Change needed to encourage competition in organic waste treatment, OFT finds

22 Sep 2011 01:41 PM

The OFT has today issued recommendations designed to encourage increased competition and greater efficiency in the treatment of organic waste.

In its market study into the treatment of organic waste in England and Wales the OFT identified a number of barriers to competition related to aspects of economic, environmental and planning regulation, and to the apparent corporate culture of some water and sewerage companies. The market study followed a request to the OFT from Ofwat and the OFT has worked closely with Ofwat throughout the market study.

The report makes a range of recommendations aimed at promoting competition, hence driving efficiency and innovation in the sector.

At the heart of the recommendations are proposed changes to the economic regulation of water and sewerage companies to foster efficiency and help create a level playing field between them and other suppliers of organic waste treatment. The study also recommends greater harmonisation of the environmental regimes applicable to sewage sludge and other organic waste.
In addition, the OFT considers that planning policy proposals currently under consideration could contribute to greater competition.

Sonya Branch, OFT Senior Director of the Services, Infrastructure and Public Markets Group said: 'Our market study, conducted with Ofwat's support, identifies that there is greater scope for competition in the treatment of organic waste, however the current economic regulation, environmental protection and planning regimes are barriers to this competition developing.

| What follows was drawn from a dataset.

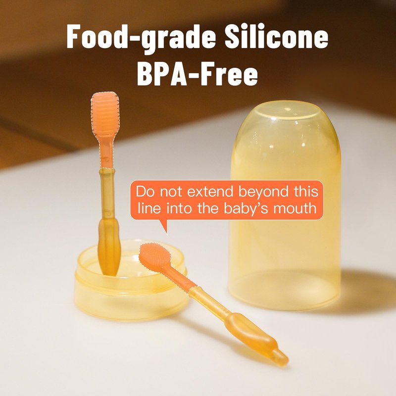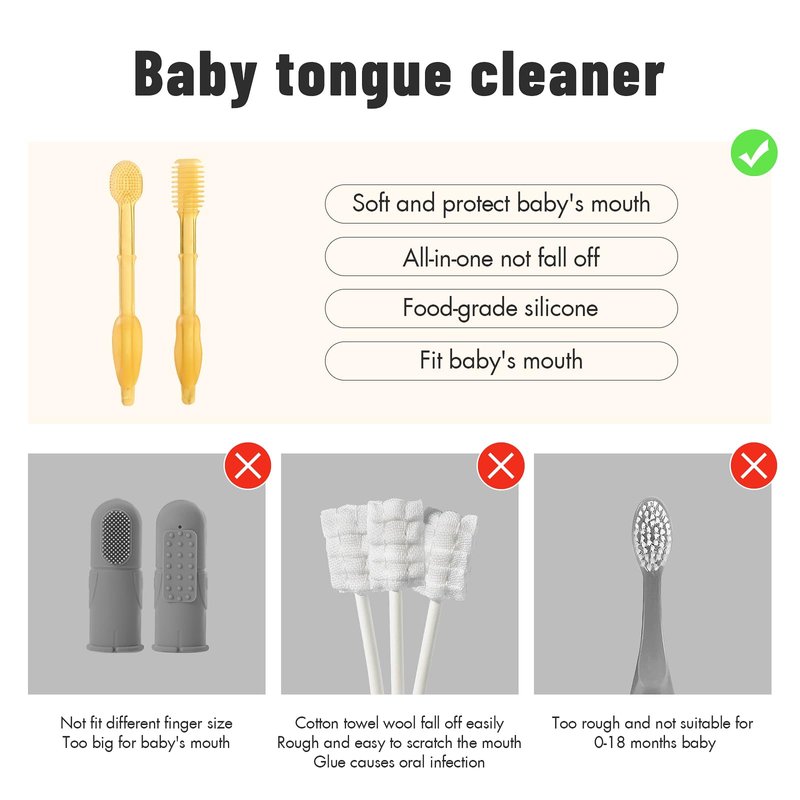 - 【Comprehensive Baby Toothbrush】- Includes baby tongue cleaner and baby toothbrush, one-piece molding without risk of falling off. With a safety prompt line to prevent accidental injury to the baby's mouth. Oral partition care is more thorough, creating a fresh oral environment. It is also conducive to the baby's cultivation of good oral hygiene habits
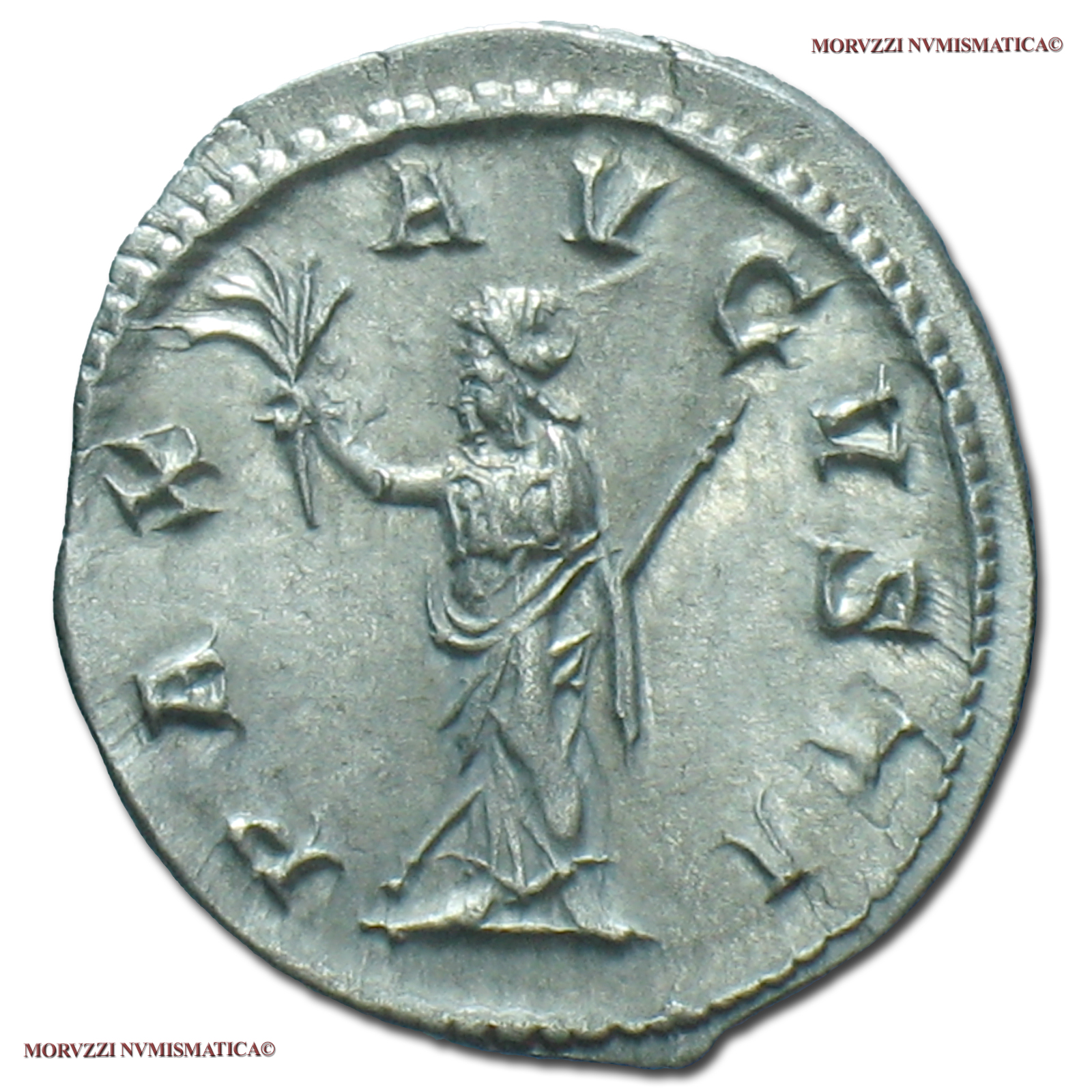 Impero Romano, MASSIMINO I IL TRACE, 235-238 d.C., DENARIO, Emissione: 236-238 d.C., D/ MAXIMINVS PIVS AVG GERM, busto laureato con paludamento e corazza visto di spalle a d., R/ PAX AVGVSTI, la Pax stante a s. con ramoscello di ulivo nella mano d. e scettro nella s., Zecca di Roma, Rif. bibl. R.I.C., 19; Cohen, 37; Metallo: AR, gr. 2,72, (MR8517), Diam.: mm. 18,96, mSPL

'We have therefore today made a number of recommendations to Ofwat and other government bodies that have the potential to tackle these barriers to competition, benefit consumers and drive efficiency and innovation in organic waste treatment.'

The OFT has provisionally decided that a market investigation reference to the Competition Commission would not be appropriate at this time, as it considers that the regulatory barriers and distortions to competition identified in this market study can be better and more proportionately addressed by Ofwat and other government departments acting on the recommendations in this study.

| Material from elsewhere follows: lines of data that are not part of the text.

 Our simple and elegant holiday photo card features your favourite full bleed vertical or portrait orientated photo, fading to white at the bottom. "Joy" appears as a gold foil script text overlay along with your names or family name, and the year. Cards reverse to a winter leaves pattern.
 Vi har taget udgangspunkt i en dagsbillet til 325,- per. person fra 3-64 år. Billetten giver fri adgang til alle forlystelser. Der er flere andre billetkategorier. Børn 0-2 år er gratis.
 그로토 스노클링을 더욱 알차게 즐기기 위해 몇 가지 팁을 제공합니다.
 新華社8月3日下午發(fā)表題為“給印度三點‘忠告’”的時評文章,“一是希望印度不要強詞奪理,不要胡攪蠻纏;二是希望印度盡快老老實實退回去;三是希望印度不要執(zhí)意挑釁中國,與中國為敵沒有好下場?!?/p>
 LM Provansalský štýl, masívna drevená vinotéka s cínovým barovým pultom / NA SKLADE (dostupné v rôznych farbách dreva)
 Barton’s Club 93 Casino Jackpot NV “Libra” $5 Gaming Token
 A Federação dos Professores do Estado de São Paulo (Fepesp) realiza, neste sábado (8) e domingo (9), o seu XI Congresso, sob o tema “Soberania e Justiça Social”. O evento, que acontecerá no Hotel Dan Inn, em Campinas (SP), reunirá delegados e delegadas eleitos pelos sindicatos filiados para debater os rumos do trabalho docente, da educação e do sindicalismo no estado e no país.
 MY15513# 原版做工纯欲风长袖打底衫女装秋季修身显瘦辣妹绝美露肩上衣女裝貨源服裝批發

The OFT is now consulting on this provisional decision.

Further information on the OFT's organic waste market study, including the full scoping document, is available from the market study page.

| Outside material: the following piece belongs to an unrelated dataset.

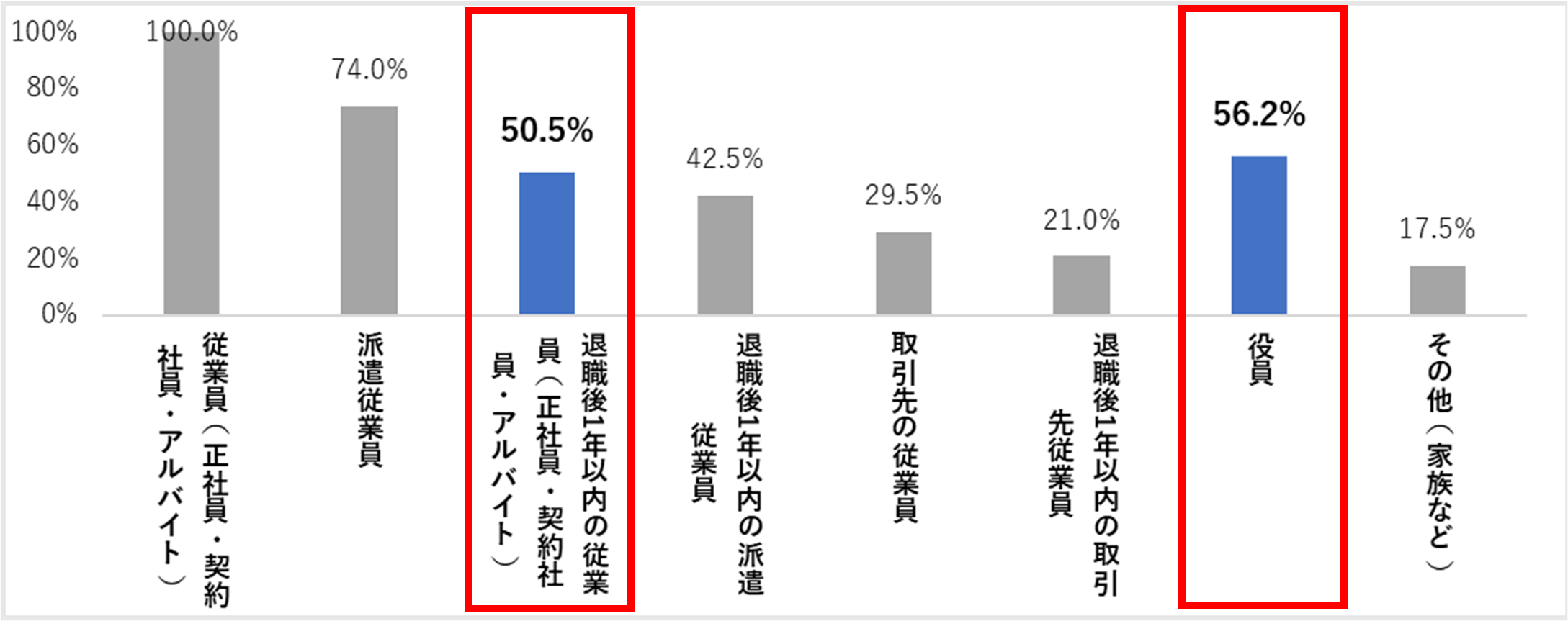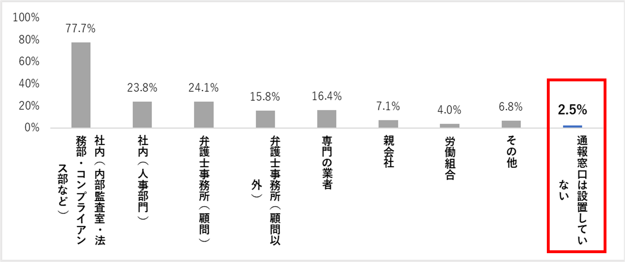 - 約半数の企業が、退職1年以内の従業員(派遣社員含む)の内部通報窓口が未設置

  1. Written responses to the consultation on the OFT's provisional decision not to refer the matter to the Competition Commission should be sent by 5pm on 27 October 2011 to organicwaste@oft.gsi.gov.uk or to Organic Waste Market Study, Floor 4C, Office of Fair Trading, Fleetbank House, 2 - 6 Salisbury Square, London EC4Y 8JX. 
  2. The OFT launched the market study in January 2011, see launch press notice OFT to examine advanced treatment of organic waste
  3. OFT market studies are carried out under sections 5 to 8 of the Enterprise Act 2002 (EA02) which allow a market-wide consideration and report on both competition and consumer issues. 
  4. Market studies involve an analysis of a particular market with the aim of identifying and addressing any aspects of market failure from competition issues to consumer detriment and the effect of government regulations. Possible results of market studies include enforcement action by the OFT; a reference of the market to the Competition Commission; recommendations for changes in laws and regulations; recommendations to regulators, self-regulatory bodies and others to consider changes to their rules; recommendations to business; campaigns to promote consumer education and awareness; or a clean bill of health. 
  5. Organic waste comes from a number of sources. The main ones are agricultural waste, food waste and sewage sludge. Most organic waste in the UK is from agricultural sources, such as slurries and manure (around 90 million tonnes), around 16 million tonnes is food and drink waste (both from domestic sources and from industrial and commercial sources), with sewage sludge accounting for one to two million tonnes. see note 1 The sector is of strategic significance to the country, given its role in relation to a number of sustainability objectives, including those related to the efficient use of waste and the production of renewable energy.
  6. Ofwat is the economic regulator of water and sewerage companies in England and Wales. It exercises its powers in a way that it judges will protect the interests of consumers, promote value and safeguard future water and sewerage services by allowing efficient companies to carry out their functions properly and finance them. Further information on Ofwat's review of economic regulation in the water and sewerage sectors is available at www.ofwat.gov.uk/future.

Note 1. Based on data from DEFRA (2011b) 'Anaerobic Digestion Strategy and Action Plan', available at www.defra.gov.uk/publications/files/anaerobic-digestion-strat-action-plan.pdf. As above, note that this data relates to the UK.